– Вам, Олимпиада не повезло с ремеслом. К примеру, филолог должен знать всё о немногом, журналист – немного обо всём, а философ – всё обо всём.
Некогда повторявшаяся из раза в раз мантра, которую девушка произносила для собственной дисциплины, сыграла дурную службу. Теперь Липа комплексовала на фоне доблестных заучек. Докатилась!
В качестве спасения она избрала новую мантру: «нельзя объять необъятное!» Сработало, кстати. Олимпиада даже оценила красоту игры в имитацию, предложенную Аланом Тьюрингом. Но еще больше ее поразил мысленный эксперимент Джона Сёрла с «китайской комнатой». Он не был столь поэтичен, как история Тьюринга. Китайская комната – образ, который пришел бы в голову любому здравомыслящему человеку. Точный, четкий и правдивый.
Согласно мысли Сёрла, нам следует поместить испытуемого, не знакомого с китайским языком, в непроницаемую комнату. Однако в комнате предоставлены материалы о том, как использовать иероглифы. Например, иероглиф из корзины А стоит поместить рядом с иероглифом из корзины В. Таким образом, при получении вопроса испытуемый даст логически верный ответ, если будет следовать инструкциям. Одна неприятность – значение иероглифов для гостя китайской комнаты неизвестно. Поэтому хоть он с виду и отвечает на вопросы верно, по факту – лишь выполняет внешние предписания, не вникая в смысл.
Липа могла бы и не обратить внимание на очередную научную метафору, с которой ее столкнула профессиональная деятельность, но ее внезапно долбануло озарением. А ведь Данил и есть такой испытуемый! Наиболее активный период для социализации личности он провел в глухом лесу, рядом с дедом и книгами. Истории деда и книжные повествования для тогда еще мальчика стали китайскими иероглифами, заполнившими его сознание. Он научился правильно их комбинировать, но так и не понял. Он научился социально одобряемому поведению, но так и не изведал силу чувств, скрытых за этим поведением.
Уже давно Данил вышел из «комнаты». Но старые привычки живучи, как штамм сибирской язвы. Вокруг него по-прежнему высились незримые стены. Более прочные, чем оборонительный «футляр» Олимпиады. Главный вопрос в том, сможет ли она пробить ограждение «комнаты»? И нужно ли это Данилу?
Решение было однозначным и непоколебимым – нужно.
Когда-то, наверное, в прошлой жизни, Липа считала, что способность понять и проанализировать человека должна соотноситься с уважением к его личному пространству. Если он внутренне зажимается, тем самым демонстрируя нежелание впускать кого-то в собственный мир, значит, стоит остановиться в его разгадывании.
Данил рушил это правило, словно интернетовские статьи о здоровье рушат психику ипохондрика. Олимпиада проникала в его мысли и грезы так же непроизвольно, как он сходил с ума по рыжеволосым девушкам. Возможность нажать «СТОП» девушка бездарно проворонила.
Но она сумела раскусить желание Данила постичь смысл «иероглифов». Она погрузилась в эксперимент с китайской комнатой вместе с ним, но будто находилась по иную сторону двери и кричала ему в замочную скважину, чтобы звук лучше просачивался.
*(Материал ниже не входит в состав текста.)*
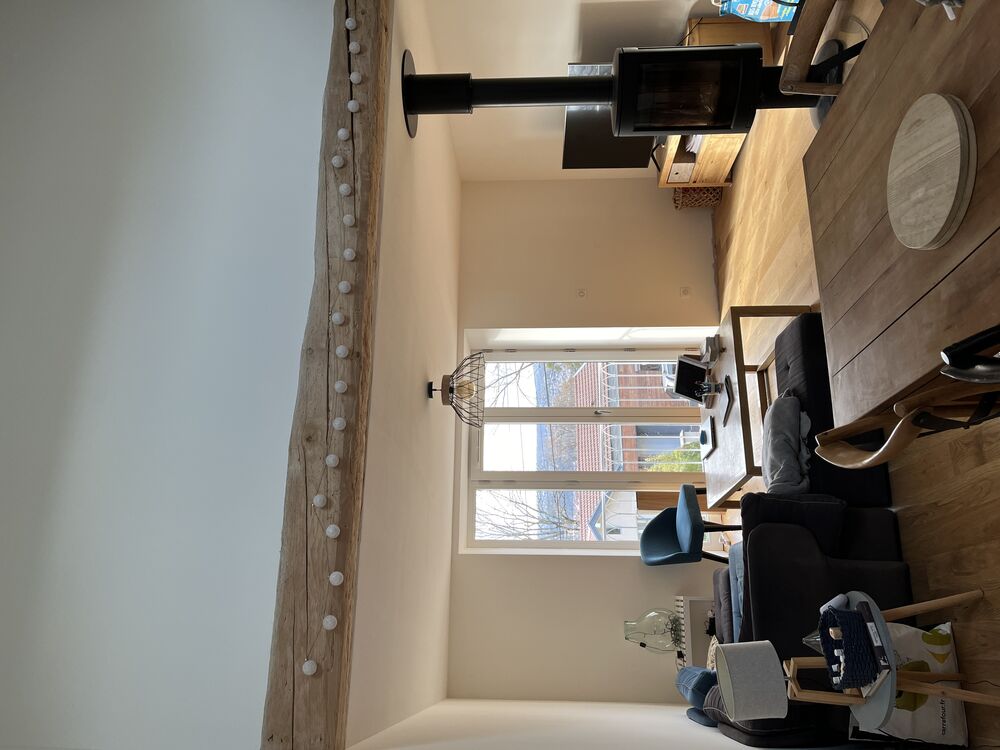 La suppression de la dalle du grenier offre un séjour cathédral lumineux et volumineux qui découvre la charpente et apporte de l’éclairage dans le cœur auparavant le plus sombre de la maison.

В голосе больше жизни, чем в письменных знаках, поэтому Данил прислушивался и пробуждал новые грани личности.
Конечно, иногда создавалось впечатление, что иероглифы, которые изучал мужчина, и текст, выкрикиваемый Липой, написаны на разных диалектах китайского. Они словно оказывались в разных районах многоликого Шанхая и, столкнувшись в толпе, не до конца могли понять друг друга. Но прогресс все же был.
По возвращении в родной город Данил огорченно признался, что его вызывают на прибыльный проект в столицу. Как максимум, неделю, но он не появится в N.
Липе такая новость только на руку. Проведя в размышлениях несколько дней и ночей, девушка даже перестала чувствовать себя оскорбленной после инцидента на празднике ее жизни. В конце концов, Данил – полуфабрикат, он собирает себя по частям, как пазл. Грех обижаться на человека с мощным стремлением соединить мысли и чувства воедино. «Будем вытравлять из твоей головы образ рыжих и переформатируем бессознательное», – думала она.